Understanding spark process behaviour

103 views Asked by At

I would like to understand a process behavior. Basically this spark process must be create at most five files, one for each territory and save them into HDFS.

Territories are provided by an array of five strings. But when I'm looking at spark UI, I see many times the same action being executed.

These are my questions:

  • Why isEmpty action has been executed 4 times for each territory instead of one? I expect just one action for territory.
  • How are decided the tasks number when isEmpty is calculated? First time there is just one task, the second time tasks are 4, third are 20 and fourth are 35. Which the logic behind that sizing? Can I control that number in some way?

NOTE: is someone has a more say big data solution for to accomplish the same process goal, please suggest me.

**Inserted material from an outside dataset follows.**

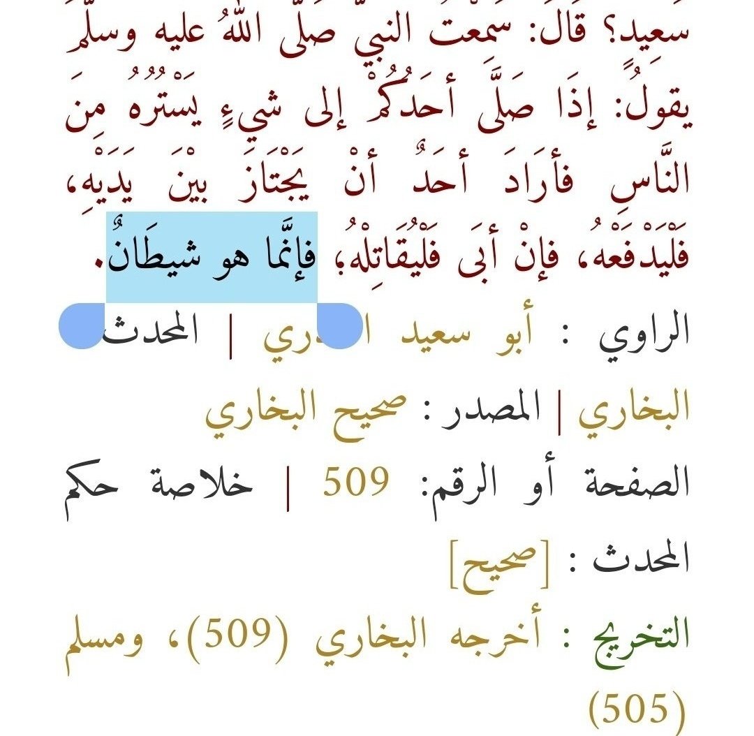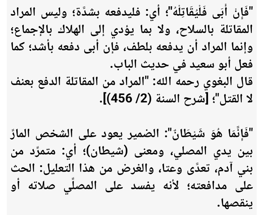 يتكلم عن الرجل الذي يمر أمام المصلي، فينبغي على المسلم أن يدفعه بلطف، فإن أبى فليدفعه بشده، لأنه شيطان. والشيطان يعود على الشخص المار بين يدي المصلي، ويعني أنه متمرّد من بني آدم، لأنه ينقص من أجر الصلاة .

This is the code excerpt for the Spark process:

class IntegrationStatusD1RequestProcess {

  logger.info(s"Retrieving all measurement point from DB")
  val allMPoints = registryData.createIncrementalRegistryByMPointID()
    .setName("allMPoints")
    .persist(StorageLevel.MEMORY_AND_DISK)

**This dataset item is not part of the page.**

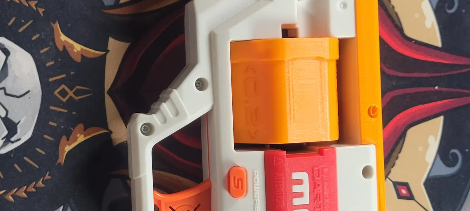 Một đường ray Picatinny hơi mở rộng để phù hợp với mặt tiền mặt phẳng của Redcowl.
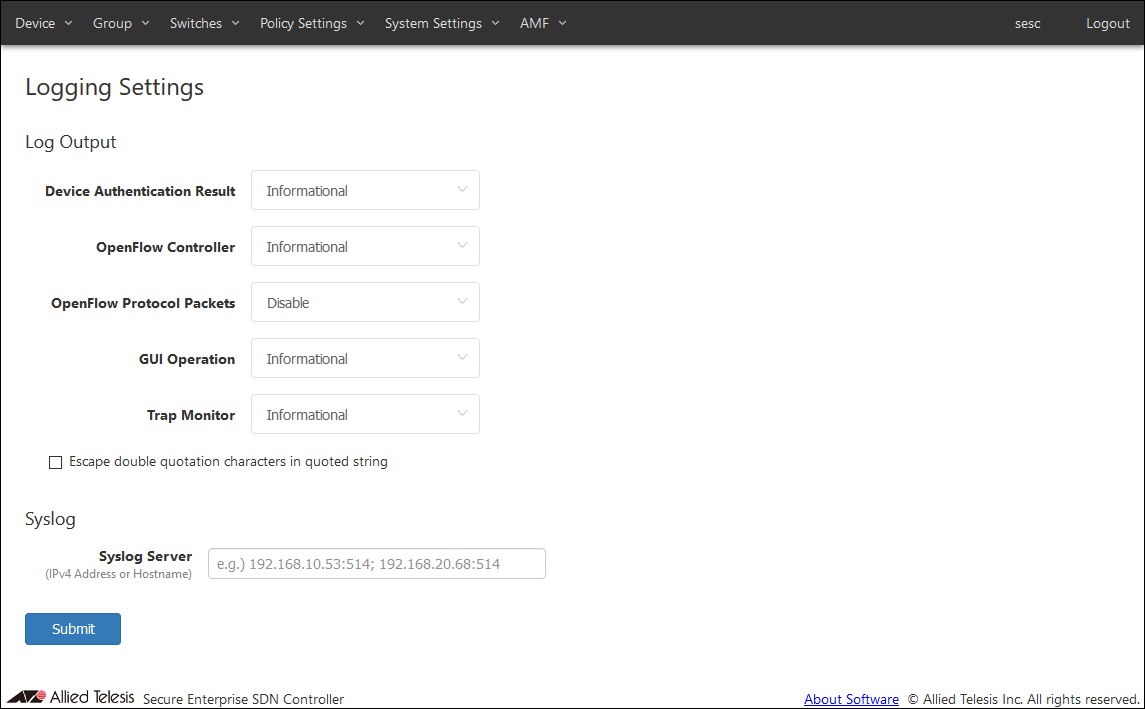 | Device Authentication Result | Minimum level for device authentication logs to be output. Default is Informational. |

  logger.info("getTerritories return always an array of five String")
  intStatusHelper.getTerritories.foreach { territory =>

    logger.info(s"Retrieving measurement point for territory $territory")
    val intStatusesChanged = allMPoints
      .filter { m => m.getmPoint.substring(0, 3) == territory }
      .setName(s"intStatusesChanged_${territory}")
      .persist(StorageLevel.MEMORY_AND_DISK)

    intStatusesChanged.isEmpty match {
      case true => logger.info(s"No changes detected for territory")
      case false =>

      //create file and save it into hdfs

    }
  }
}

This is the image showing all the spark jobs:

enter image description here

The following first two images showing isEmpty stages: enter image description here enter image description here

1

There are 1 answers

0
Tim On BEST ANSWER

isEmpty is inefficient if you expect it to be true!

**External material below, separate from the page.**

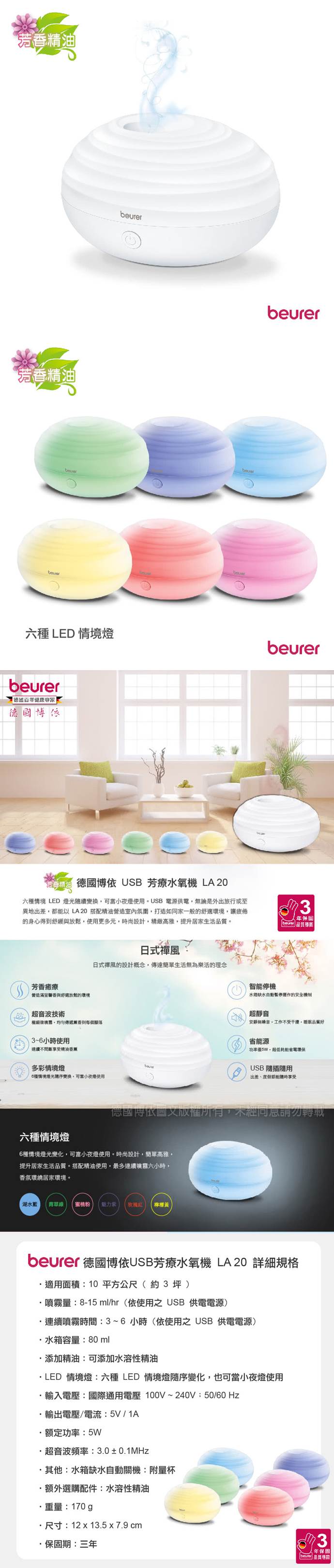 適用面積:10 平方公尺 ( 約 3 坪 ) 噴霧量:8-15 ml/hr (依使用之USB供電電源) 連續噴霧時間:3 ~ 6 小時 (依使用之USB供電電源) 水箱容量:80 ml 添加精油:可添加水溶性精油 LED 情境燈:六種 LED 情境燈隨序變化,也可當小夜燈使用 輸入電壓:國際通用電壓 100V ~ 240V;50/60 Hz 輸出電壓/電流:5V / 1A 額定功率:5 W 超音波頻率:3.0 ± 0.1MHz 其他:水箱缺水自動關機:附量杯 額外選購配件:水溶性精油 重量:170 g 尺寸:12 x 13.5 x 7.9 cm 保固期:三年

Here's the RDD code for isEmpty:

def isEmpty(): Boolean = withScope {
  partitions.length == 0 || take(1).length == 0
}

It calls take. This is an efficient implementation if you think the RDD isn't empty, but is a horrible implementation if you think that it is.

The implementation of take follows this recursive step, starting at parts = 1:

  1. Collect the first parts partitions.
  2. Check if this result contain >= n items.
  3. If yes, take the first n
  4. If no, repeat step 1 with parts = parts * 4.

This implementation strategy lets the execution short-circuit if the RDD has more elements than you want to take, which is usually true. But if your RDD has fewer elements than you want to take, you end up computing the partition #1 log4(nPartitions) + 1 times, partitions #2-4 log4(nPartitions) times, partitions #5-16 log4(nPartitions) - 1 times, and so on.

A better implementation for this use case

This implementation only computes each partition once by sacrificing short-circuit capability:

def fasterIsEmpty(rdd: RDD[_]): Boolean = {
  rdd.mapPartitions(it => Iterator(it.isEmpty))
    .fold(true)(_ && _)
}